Schuldenkrise sorgt für Preiserhöhungen

Heizöl wird auch heute teurer. Mittlerweile haben die Heizölpreise den höchsten Stand seit mehr als drei Jahren erreicht. Obwohl gestern die Rohölpreise noch deutlich gesunken sind, ist auch heute mit Aufschlägen bei den Heizölpreisen zu rechnen. Denn die Schuldenkrise hat den Euro fest im Griff.

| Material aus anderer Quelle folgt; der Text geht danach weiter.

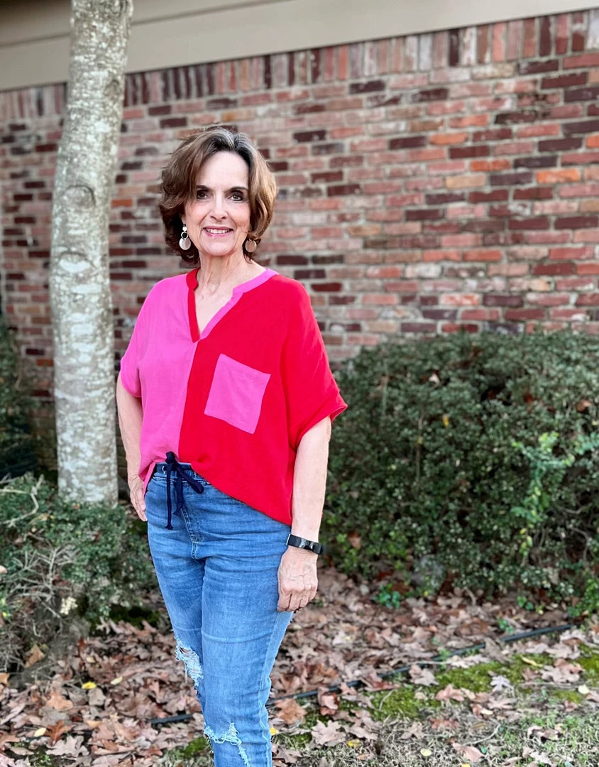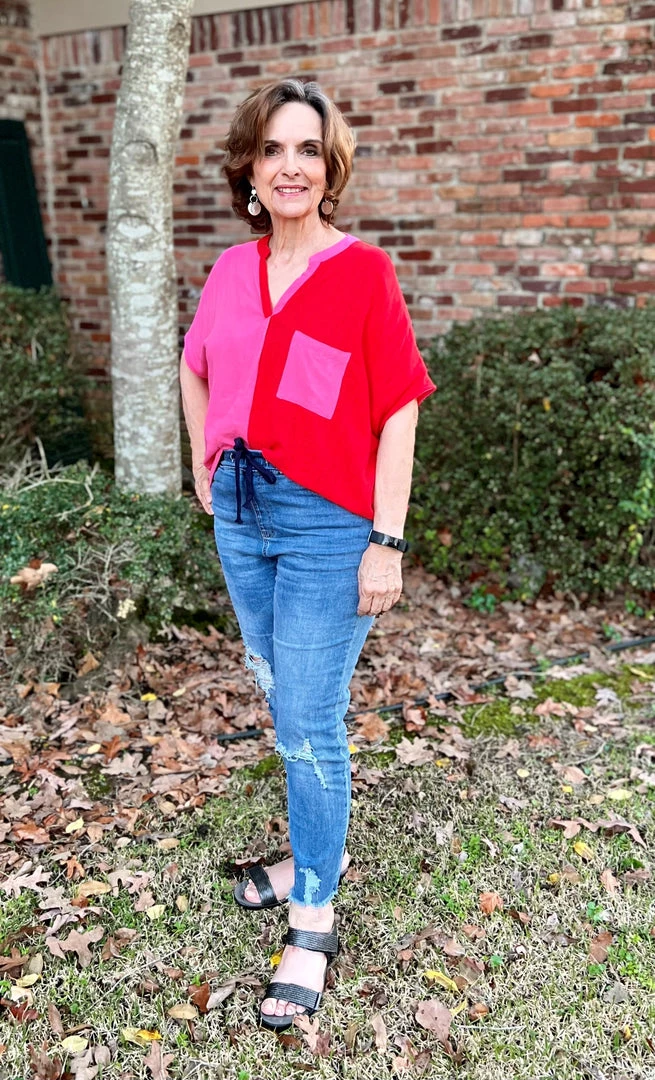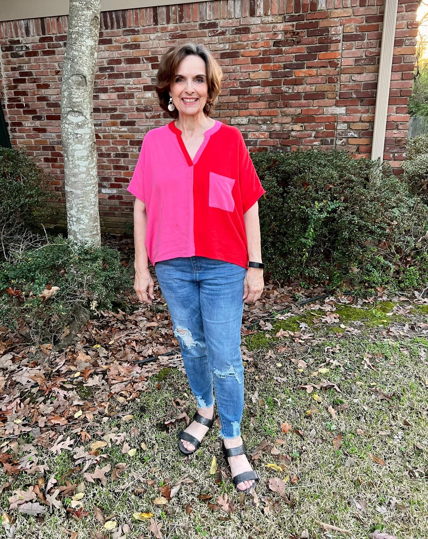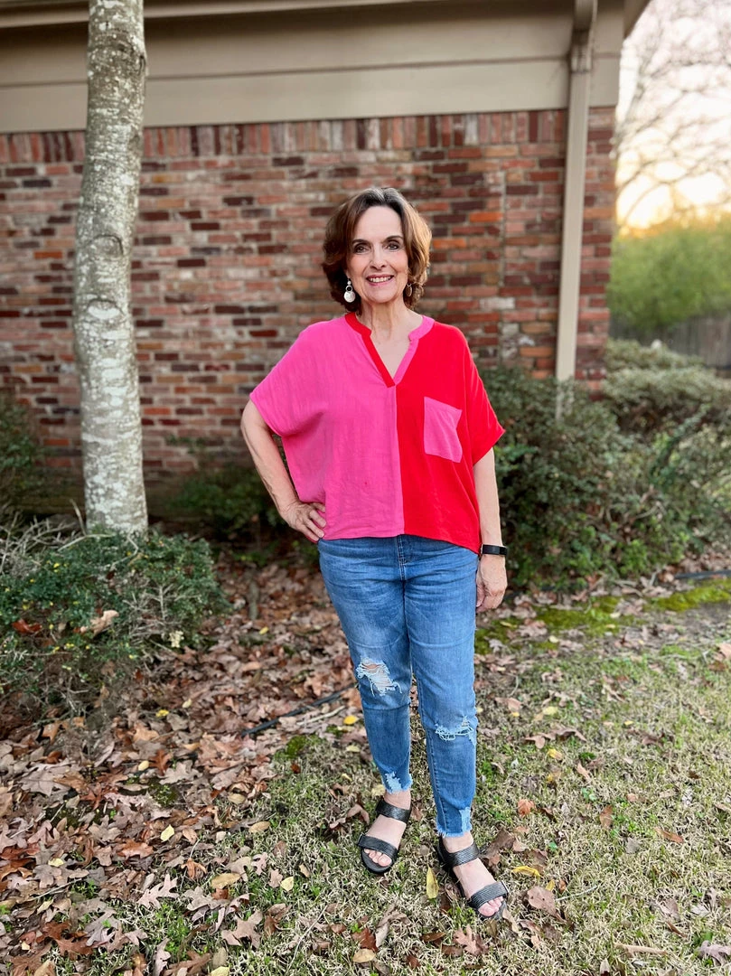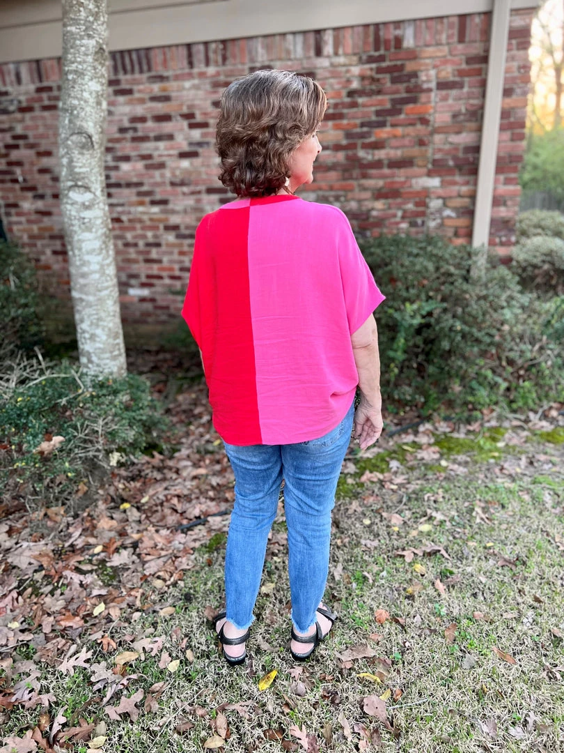 Color block is here to stay and how awesome is this Red and Pink one?  Color block linen blend top with a collarless neckline, a chest pockets, and short sleeves. 70% Rayon, 30% Linen

Die gestrige Versteigerung italienischer Staatsanleihen zeigte deutlich, dass der Regierungswechsel in Italien kein Selbstläufer werden wird. Deutlich mehr als 6 Prozent Zinsen sind nun für 5-jährige Staatsanleihen zu stemmen – Ökonomen rechnen damit, dass dies im Rahmen dessen liegt, was Italien leisten kann. Dennoch entspricht dieser Wert einem Rekordwert. Auch mit einem neuerlich sorgenvollen Blick auf Spaniens Schwierigkeiten verpufft die zuletzt erstaunliche Euphorie an den Aktienmärkten. Dem Eurokurs steht eine schwierige Zeit bevor.

Aktuell (9:49 Uhr) zeigen sich die Rohölpreise uneinheitlich. Brent notiert bei 111,83 Dollar je Barrel und liegt damit leicht im Plus. WTI dagegen konnte die 100-Dollar-Marke noch nicht wieder knacken und fiel auf 98,14 Dollar je Barrel zurück. Die Gemeinschaftswährung notiert mit 1,35685 Dollar weiterhin deutlich im Minus.